Chris Vermeulen (02:46)
Yeah, yeah, no kidding.
Craig Hemke (03:01)
things are moving where you want to be positioned in early August. What's the best asset now?
Chris Vermeulen (03:06)
Yeah, well, we're at a really critical turning point. The market is teetering and trying to figure out if it is about to start a bigger correction and sell off or if it's going to muscle its way up and have a push in a run higher. The markets are pretty weak right now. Believe it or not, even though the S &P 500 NASDAQ are near all time highs, if we take a look at my strategy here, this color coded chart of the daily chart of S &P 500, we actually have a trend change. We actually closed out our long positions in stocks this week.
And the market, even though it's near all time highs, is actually showing a lot of weakness that it wants to sell off. We had the same type of signal right over here earlier this year before we had the tariff crash. And so the market's trying to figure out what it's doing. And right now, the Magnificent Seven are muscling their way higher and they're dragging these indices up, even though almost everything else under the hood is actually very weak for the stock market. And that's why we have this trend reversal. This is what I call a camouflage move. The market's moving higher, even though it's not very strong.

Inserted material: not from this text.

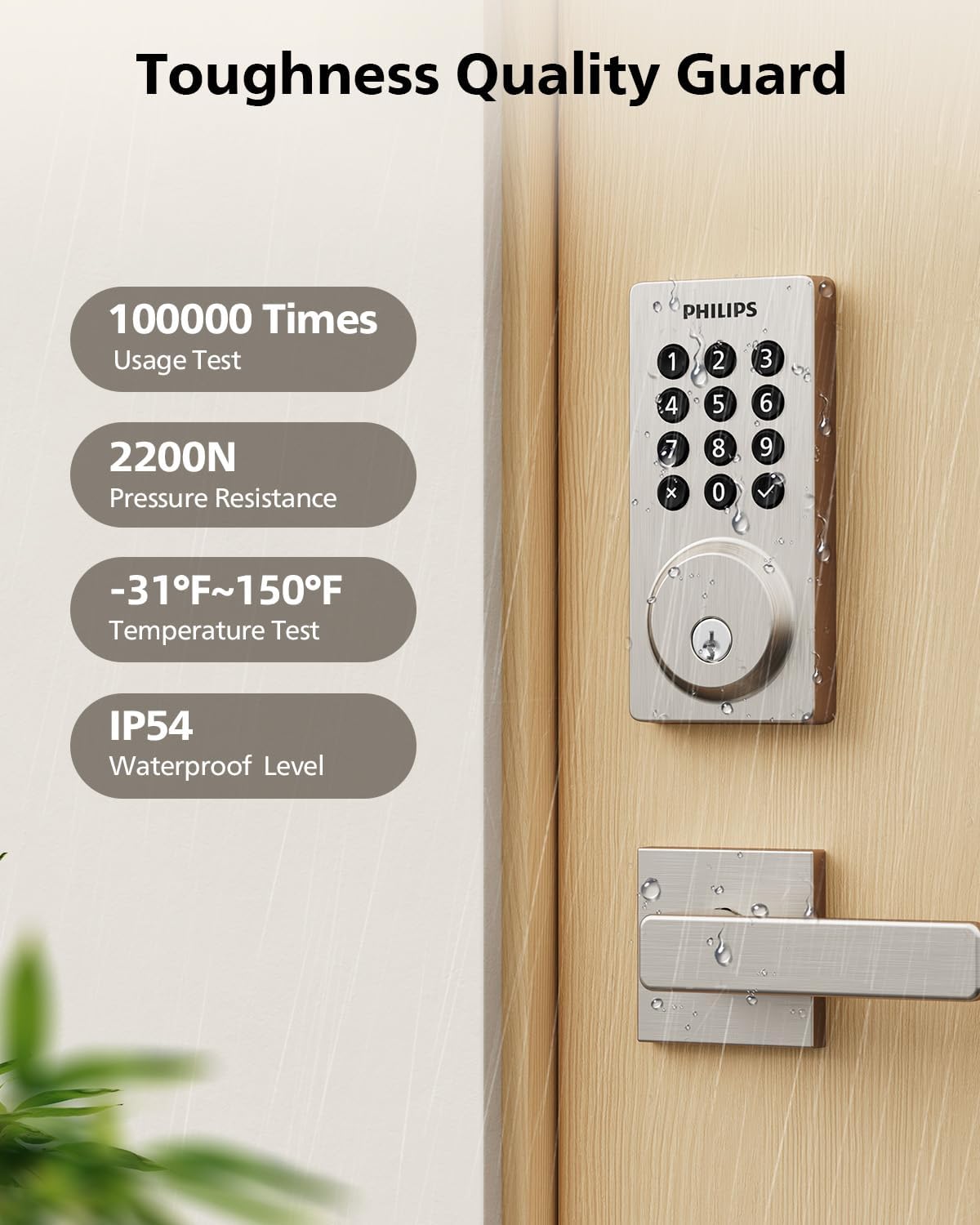 Safe and Durable: The Philips door lock can reliable work in temperatures ranging from -31°F to 150°F (-35°C to 66°C), 2200N pressure resistance and waterproof level IP54. Entering the wrong password multiple times will send alarm prompt, ensure your home safety to the greatest extent possible.

and the odds at this point still are pointing to lower pricing, but we could kick over, you know, in a session or two, this could kick back into an uptrend and might get momentum and start another big leg. So that's where we're at, where we're at as a nimble trader, we have to like sometimes step out, let things recalibrate a bit. And if we have to step back in, we'll get back in and we'll ride it higher. A good, interesting chart here that I wanna bring up is this chart of...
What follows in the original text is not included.